Joanna Maciejewska's words about AI have resonated widely. Frequently quoted and discussed in various contexts, they have struck a chord with audiences. The application of AI or automation should take place in specific areas to serve humanity, not to completely exclude people from the process. So, where does AI make sense? What is responsible automation?
You know what the biggest problem with pushing all-things-AI is? Wrong direction.
— Joanna Maciejewska—Snakebitten is here. Get it! (@AuthorJMac) March 29, 2024
I want AI to do my laundry and dishes so that I can do art and writing, not for AI to do my art and writing so that I can do my laundry and dishes.
Tweet Joanny Maciejewskiej
Undoubtedly, AI, especially in the form of large language models (LLMs), is being used more and more widely, speeding up work for some. However, in many cases and for various reasons, LLMs cannot replace human input. There are also many areas where they should not replace it.
AI vs Humans
Many companies believe in maximizing profits, not by increasing sales or expanding into new markets, but primarily by cutting costs. Hoping LLMs or other generative AI will support them in this effort, they decide to reduce departments like sales or customer service. But what do customers think about this?
According to CGS survey conducted with consumers in the United States a staggering 86% of respondents prefer to interact with a human during the sales process rather than a chatbot. Furthermore, 71% say that the likelihood of using products or services from brands without human customer service drops significantly. On the domestic market, 42.6% of people reported feeling frustrated after interacting with a chatbot, while only 17% experienced positive emotions.
Fot. kreska_ / Agata Krajewska
Whether this is the right direction for AI utilization is becoming increasingly relevant. Can consumer frustrations be alleviated with better AI? Or is this about something much more delicate and elusive, such as empathy? Perhaps we need to rethink how we approach AI, using it where it can provide real benefits and avoid negatively impacting our customers, employees, or communities.
Dehumanizing contact with an organization isn't the best path forward. We know that customer service is difficult, often happening when the end customer is most frustrated. This can, in turn, take a toll on the mental health of customer service staff. Perhaps we should explore how AI could help solve this problem without replacing humans with LLMs.
Where should AI be used?
Although LLMs are not as well-received as "customer service employees" and tend to hallucinate or invent sources, they can still help and bring value to organizations.

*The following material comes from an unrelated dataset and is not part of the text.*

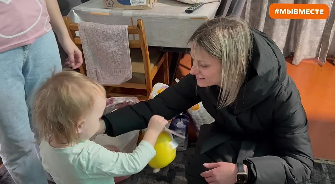 Мы передали самое необходимое: подгузники, детское питание, продукты, средства личной гигиены. А для детей мы привезли игрушки и сладкие подарки, чтобы хоть немного скрасить их дни.

However, it's worth focusing on other areas than those most visible in mainstream discussions. We can apply generative AI to support our employees internally within the organization—across various processes that are not necessarily related to direct customer service.
According to Velo Bank (ITwiz interview 3-4 (116)/2024, p. 42) applying generative AI in tools supporting analytical, anti-fraud, or risk departments can reduce costs by 10-15% (in the case of a bank, that's savings of around 80-90 million PLN annually).
Technology is becoming crucial in banking, where data volumes are increasing, and decisions must be made based on precise analyses. Large language models (LLMs) can significantly support employees in analytical, anti-fraud, and risk management departments by offering advanced tools for data analysis and information processing.
One of the most important applications of LLMs in banking is the ability to search massive databases using natural language queries. Employees can ask questions to a chatbot, formulating them naturally without needing knowledge of complex SQL queries or other programming languages. An analyst can ask, "Show me all transactions over $10,000 in the last three months," and immediately receive the necessary data. This functionality speeds up analytical processes, reduces the risk of errors, and increases work efficiency, partly because obtaining information in such a way is much more natural and pleasant for our minds.
Another useful application is automatic document summarization. Banks operate on vast amounts of documentation, from contracts to legal regulations. LLMs can automatically generate summaries of these documents, enabling employees to quickly understand their content and catch key information (or even errors). A document that is dozens of pages long can be condensed into a summary containing the most important data and conclusions. This significantly shortens the time needed to review documentation and allows employees to focus on more strategic tasks. For this purpose, it's worth using applications trained on our data sets to create organizational assistants—similar to Nest Bank's. Of course, setting the right temperature for generative AI[1] and catching and correcting hallucinations is crucial.
In the context of anti-fraud efforts, generative AI can detect irregularities and patterns indicative of fraud. These models analyze historical transaction data and behavioural patterns to identify unusual operations that suggest criminal activity. Suppose the system detects sudden and atypical large money transfers from a customer's account. In that case, it can automatically flag such transactions as suspicious and notify the relevant team for further analysis or to contact the account holder.
In risk management, generative AI supports employees in assessing credit, market, or operational risk by analyzing diverse data sources and generating forecasts and recommendations. It can facilitate a quick preliminary analysis of sentiment toward a brand in social media or the press and provide additional information on market moods influencing investment or credit decisions.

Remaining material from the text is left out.